PROBLEM TO WORK ON: Beginning at the line that contains "12月13日(土)にはこの日" and finishing at the line that contains "NPO法人アクセプト・インタ", output the data below exactly. Include both end lines and no pictures.

(Data items)
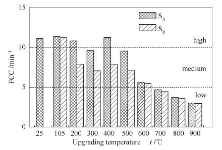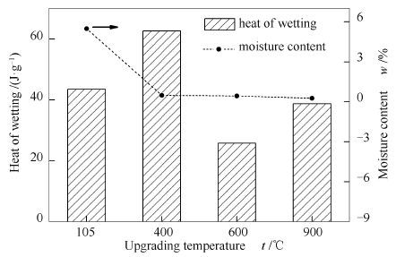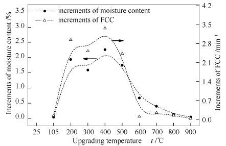 • The effect of moisture adsorption and air pre-oxidation on the spontaneous combustion liability of lignite upgraded was investigated for the purposes of obtaining the characteristics and mechanism of the spontaneous combustion liability during storage outside. By a testing apparatus for spontaneous combustion liability, the crossing-point temperature (CPT) for calculating the aggregative indicator FCC was measured for the fresh samples upgraded at the temperature ranging from 105℃ to 900℃ and for the upgraded samples suffering moisture adsorption and pre-oxidization. The changes of chemical structure were analyzed by Fourier transform infrared spectroscopy and energy dispersive spectrometer, and the evolution of pore structure was identified by physical adsorption experiments, and the difference of wetting heat for moisture absorption was determined by the micro calorimeter. The results show that the spontaneous combustion liability of fresh upgraded lignite is reduced with increasing upgrading temperature. But the adsorbing moisture and pre-oxidation make the spontaneous combustion liability of samples upgraded at 200-500℃ increase obviously comparing with the corresponding fresh upgraded samples. Pre-oxidation can increase the elemental oxygen content and the amount of oxidation active groups on the surface of samples. The oxidation active groups of aliphatic side chains, oxygen-containing functional groups, new free radicals from upgrading process, and the increase of specific surface area after deep upgrading all intensify the pre-oxidation and spontaneous combustion of the upgraded samples. The heat of wetting from adsorbing moisture not only further deepens the pre-oxidation, but also enhances the spontaneous combustion liability remarkably for the upgraded samples adsorbing more moisture.
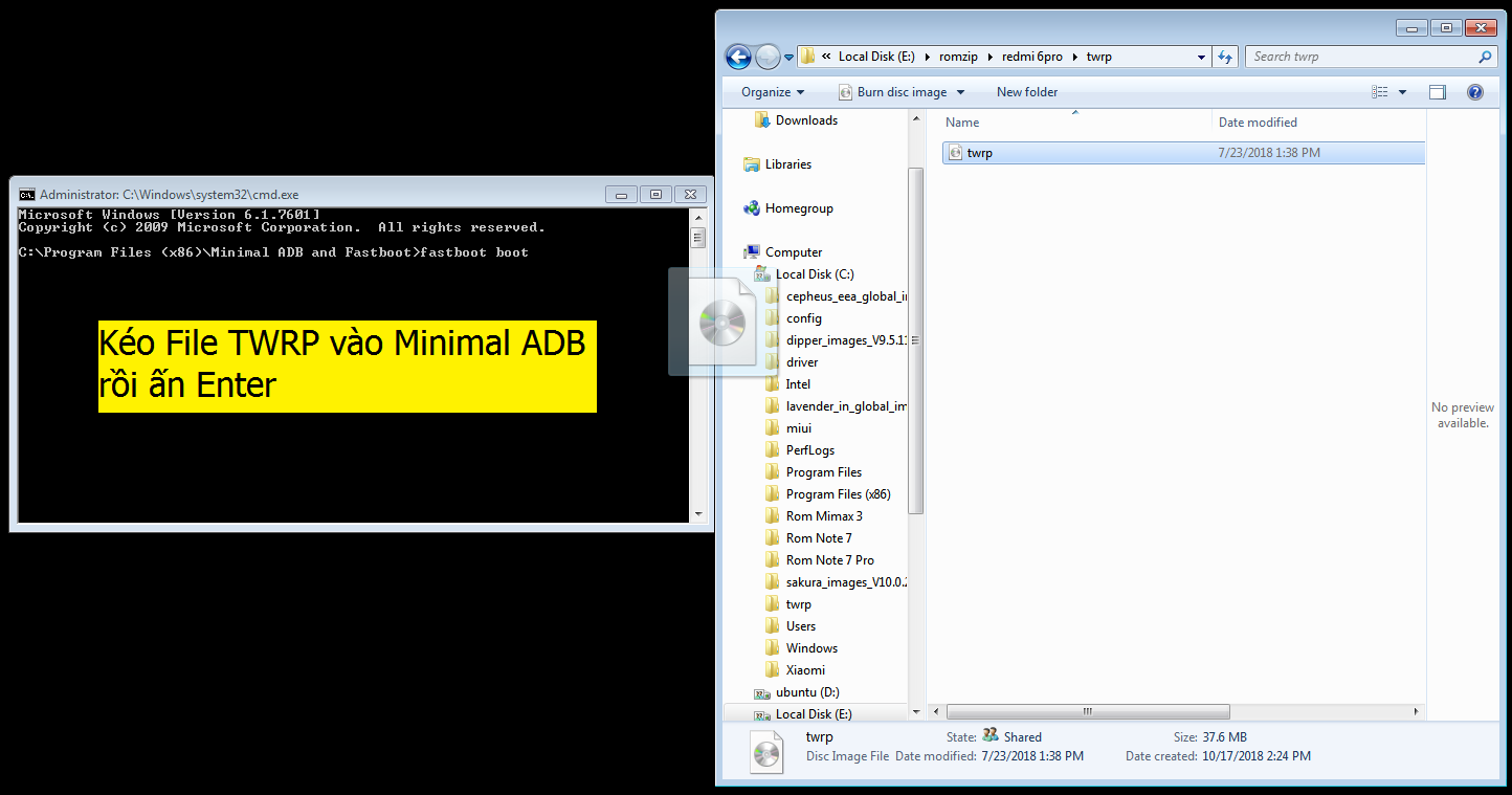 Kéo File TWRP thả vào Minimal ADB rồi ấn Enter
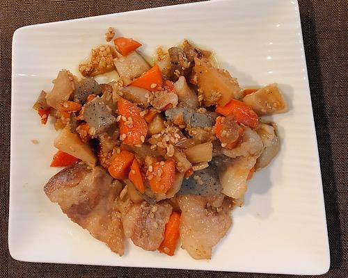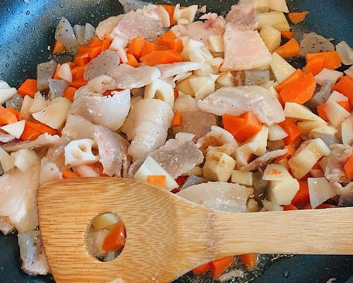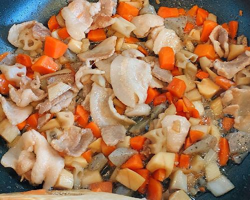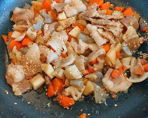 フライパンにごま油をひいて、豚肉とカットした野菜類を中火で炒めていく。
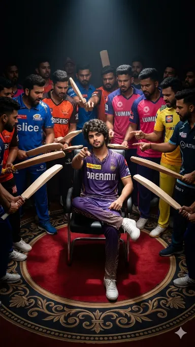 • The Crowd: He is surrounded by a dense crowd of men wearing various other brightly colored franchise cricket jerseys (representing opposing teams, with colors similar to Mumbai Indians, Sunrisers Hyderabad, Rajasthan Royals, Chennai super king, Gujarat Titans etc.).
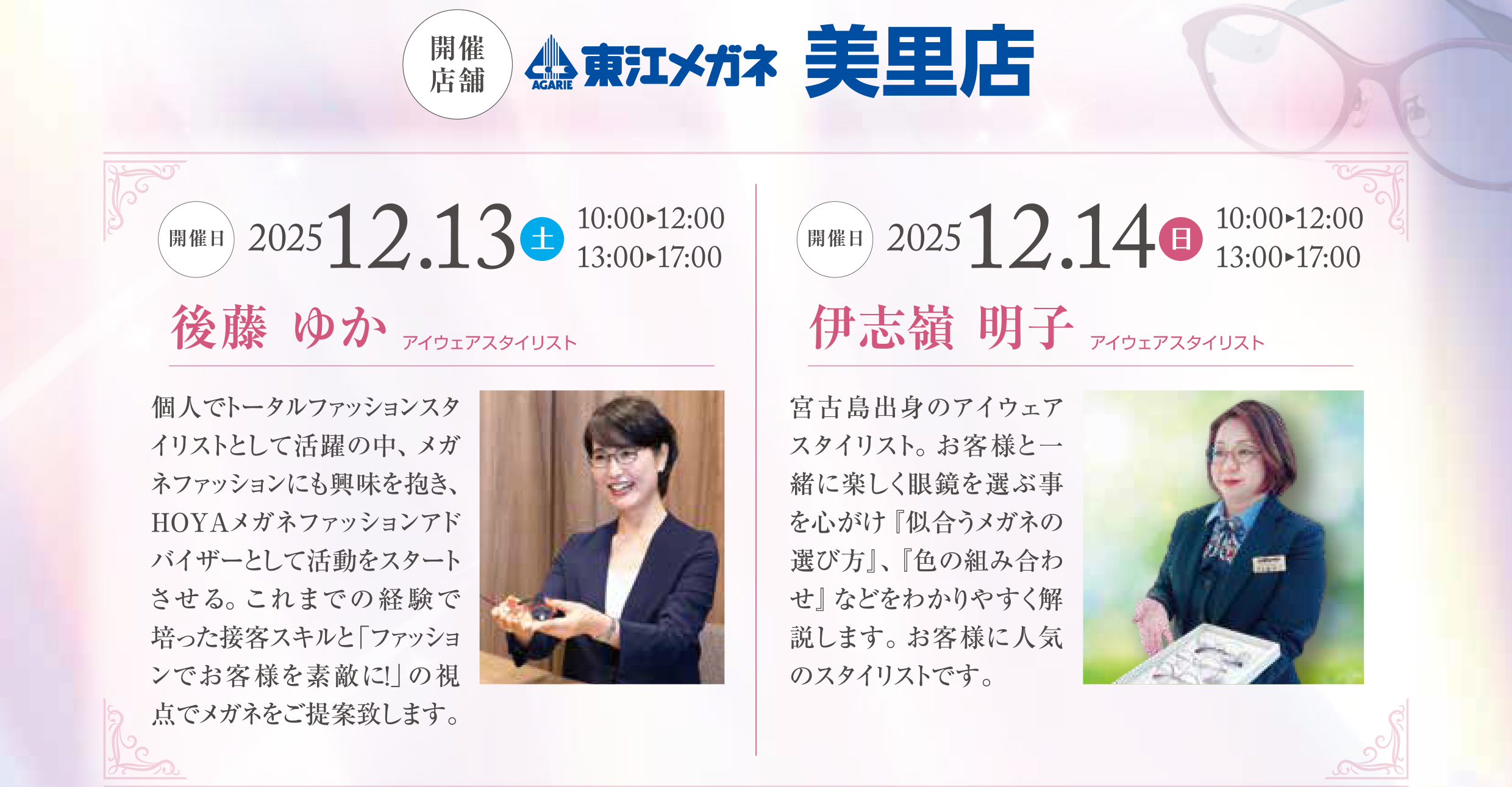 12月13日(土)にはこの日限定で、日本各地で「アイウェアスタイリスト」としてご活躍中の
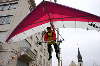 Scheffelhalle vor dem Rathaus eingesetzt und alle Vorbeiziehenden bei der "Schutzüberbauung
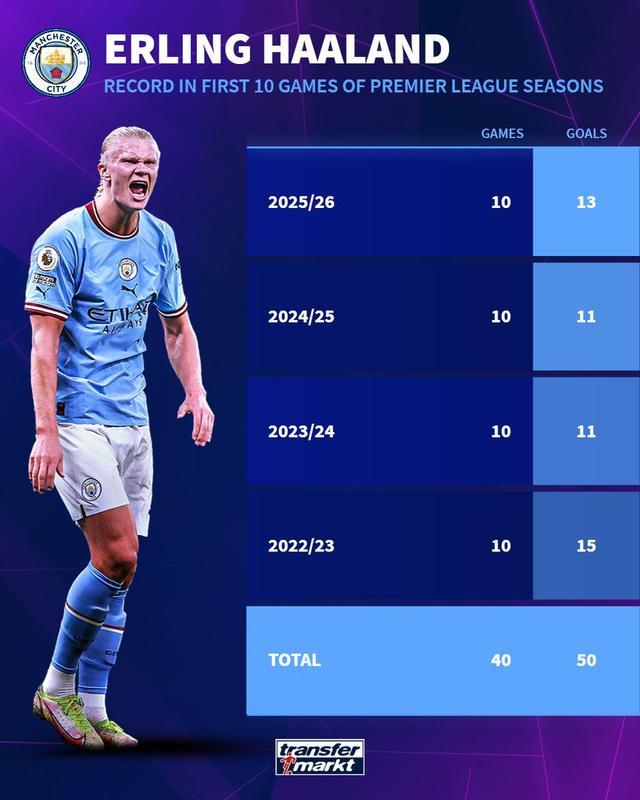 哈蘭德曼城生涯英超賽季前10輪進(jìn)球統(tǒng)計(jì)
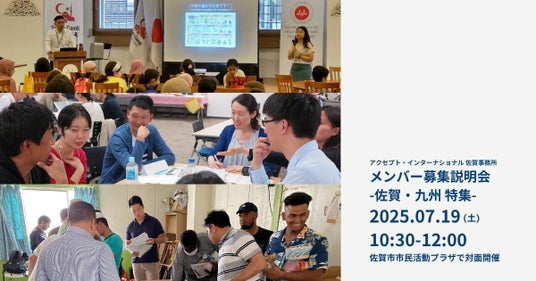 NPO法人アクセプト・インターナショナル(所在地:東京都中央区、代表理事:永井陽右)は、2025年7月19日(土)に佐賀市において、佐賀県では初となる対面でのメンバー募集説明会を開催いたします。
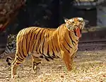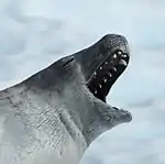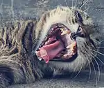 In animals, yawning can serve as a warning signal. For example, Charles Darwin, in his book The Expression of the Emotions in Man and Animals, mentioned that baboons yawn to threaten their enemies, possibly by displaying large canine teeth.[50] Similarly, Siamese fighting fish yawn only when they see a conspecific (same species) or their own mirror-image, and their yawn often accompanies aggressive attack.[51] Guinea pigs also yawn in a display of dominance or anger, displaying their impressive incisor teeth. This is often accompanied by teeth chattering, purring and scent marking. Adelie penguins employ yawning as part of their courtship ritual. Penguin couples face off and the males engage in what is described as an "ecstatic display", opening their beaks and pointing their faces skyward. This trait has also been seen among emperor penguins. Researchers have been attempting to discover why these two different species share this trait, despite not sharing a habitat. Snakes yawn, both to realign their jaws after a meal and for respiratory reasons, as their trachea can be seen to expand when they do this. Dogs, and occasionally cats, often yawn after seeing people yawn[4][52] and when they feel uncertain.[53] Dogs demonstrate contagious yawning when exposed to human yawning. Dogs are very adept at reading human communication actions, so it is unclear if this phenomenon is rooted in evolutionary history or a result of domestication.[54] Fish can also yawn, and they will increase this behavior when experiencing a lack of oxygen.[55]
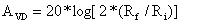如原理框圖所示(第四頁(yè)),PAM8403/CS8403內(nèi)部有兩級(jí)放大器,第一級(jí)增益由輸入電阻Ri(芯片外部與芯片內(nèi)部之和)和反饋電阻Rf決定,第二級(jí)增益固定為2x,第一級(jí)放大器的輸出作為第二級(jí)放大器的輸入,因此兩個(gè)放大器的增益正好相乘,但相位相差180º。所以PAM8403/CS8403總的增益為:
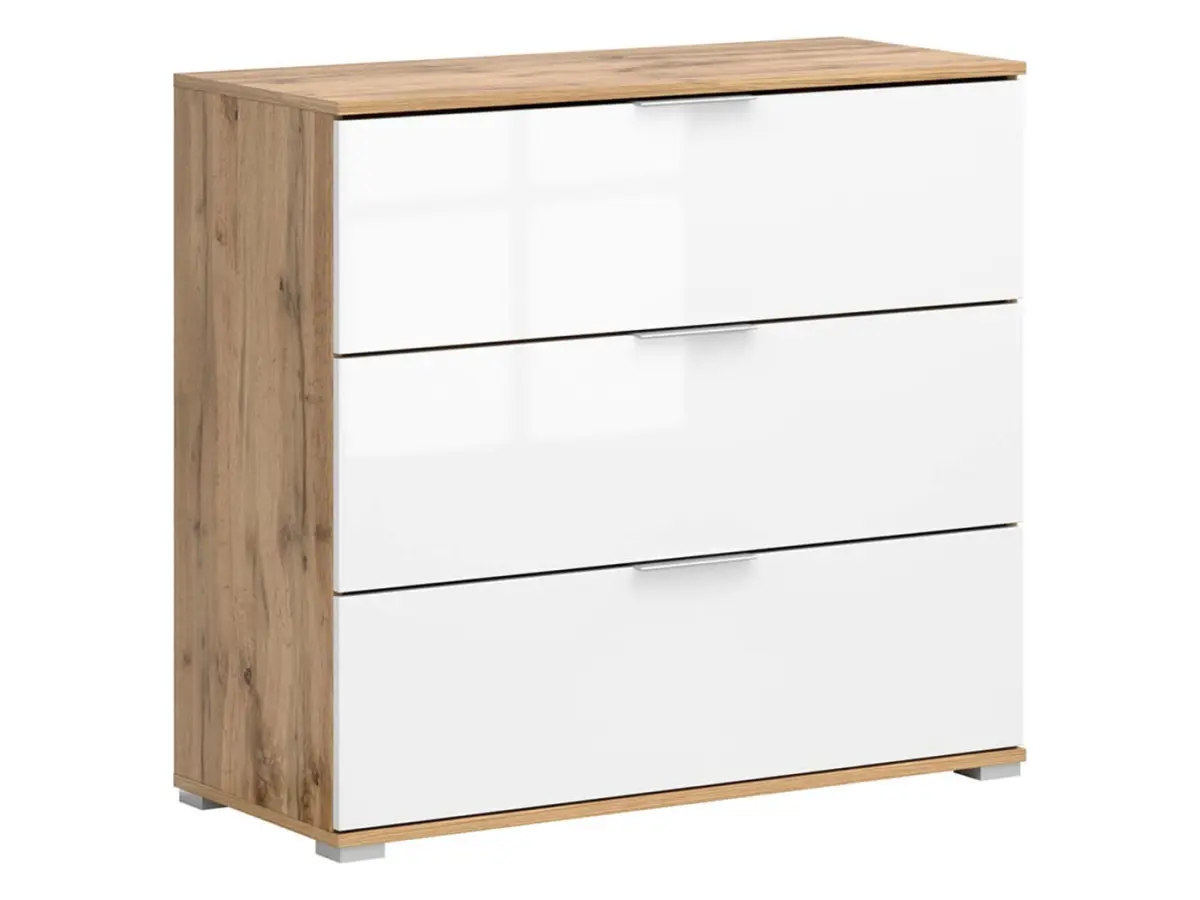 Cómoda Zele 95 cm con 3 cajones roble wotan/blanco brillo

RESPONSE FOR THIS EXERCISE:
 12月13日(土)にはこの日限定で、日本各地で「アイウェアスタイリスト」としてご活躍中の
 Scheffelhalle vor dem Rathaus eingesetzt und alle Vorbeiziehenden bei der "Schutzüberbauung
 哈蘭德曼城生涯英超賽季前10輪進(jìn)球統(tǒng)計(jì)
 NPO法人アクセプト・インターナショナル(所在地:東京都中央区、代表理事:永井陽右)は、2025年7月19日(土)に佐賀市において、佐賀県では初となる対面でのメンバー募集説明会を開催いたします。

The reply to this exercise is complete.